PPS: Ich persönlich beteilige mich, wo immer es möglich ist, mit Unterschrift oder Spende an Intitiativen, die helfen unsere persönliche Freiheit mehr und mehr abzusichern. Je mehr Menschen dabei sind, desto mehr wird gelingen.


RSS-Feed für Kommentare zu diesem Beitrag 1 Kommentar


  • Kommentar von  Mag. Ilse Zeiner am 05.07.2014 um 09:37 Uhr Uhr

    Ja, das ist so, weil der öffentliche Dienst nicht nach areitsrechtlichen rechtsstaatlichen Strukturen funktioniert und die Medien (ORF, österreichische Zeitungen) gegenüber der Staatsgewalt keine kritische Haltung einnehmen sondern decken.

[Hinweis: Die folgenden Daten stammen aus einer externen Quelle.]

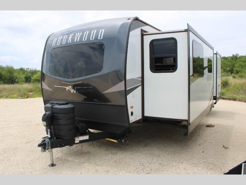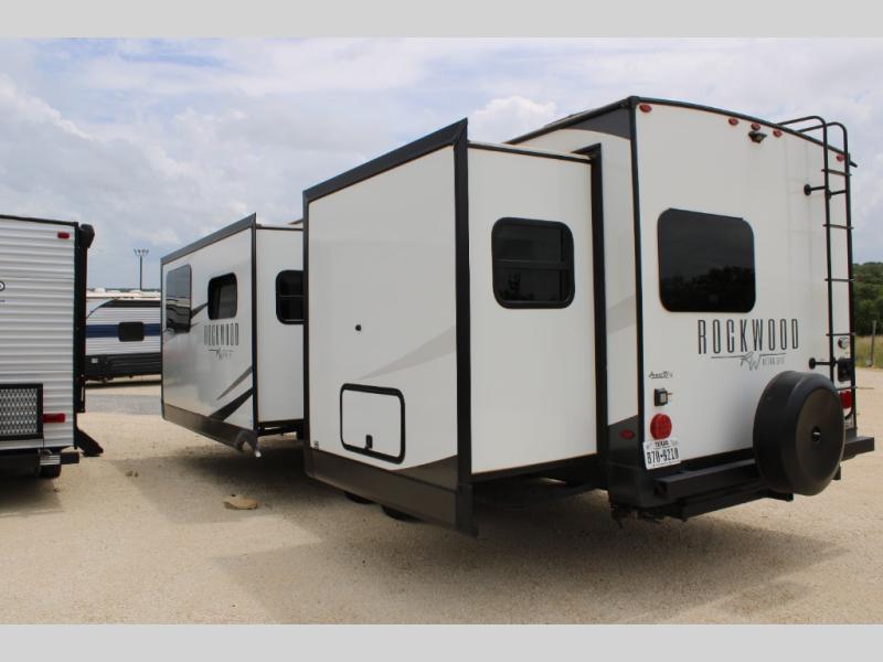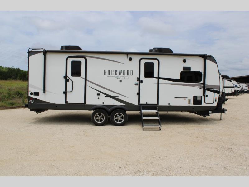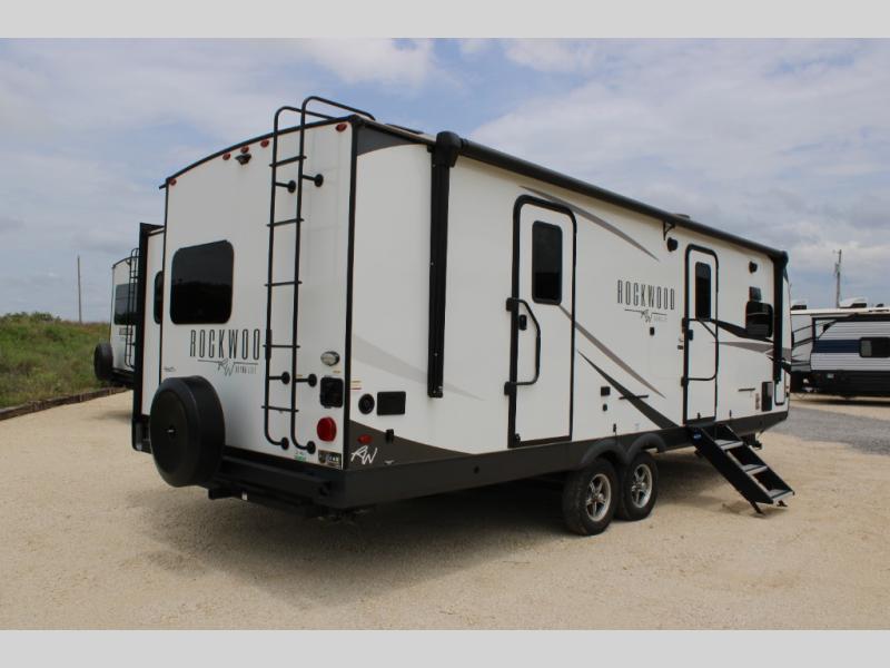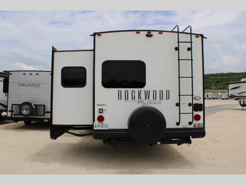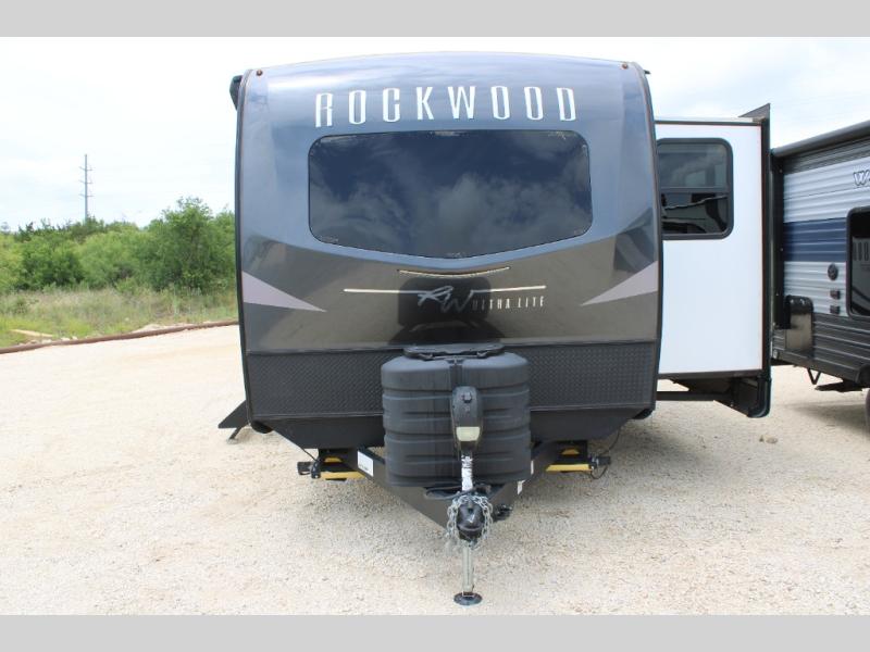 Each Rockwood Ultra Lite travel trailer by Forest River includes superior construction with a high gloss front cap, laminated white fiberglass sidewalls, and tinted frameless windows for a sleek look. You will love how easy it will be to charge a few electronics with the 200W roof solar panel with an 1800W inverter, and the AIR 360+ omnidirectional antenna with WiFi prep will let you stay connected to the outside world as you camp. The torsion axle, Rubber-Ryde suspension will make towing smooth and hassle-free, along with the nitrogen filled, Goodyear Endurance tires and the tire pressure monitor system. Interior comforts include designer kitchen backsplash, solid wood cabinet doors with hidden hinges, and night roller shades to name a few. Choose a Rockwood Ultra Lite travel trailer today!

    Das kann sich nur ändern, wenn die Kontrolle durch Medien funktionieren würde und es für „Entlasungsbeamte“ Richter, Polizisten es disziplanarrechtliche Folgen statt Beförderung gäbe.

    Es gehört wie oben erwähnt, unsachliche täterdeckende Berichterstattung in den Medien durch e-mails angesprochen und kritisiert statt ignoriert. So lange hier die „Macht nicht vom Volke“ ausgeht, wird nichts passieren, ich selbst muß auch damit rechnen, daß ich den selbst erlebten Missbrauch durch psychiatrische Gutachten mangels Unterstützung nicht überleben werde.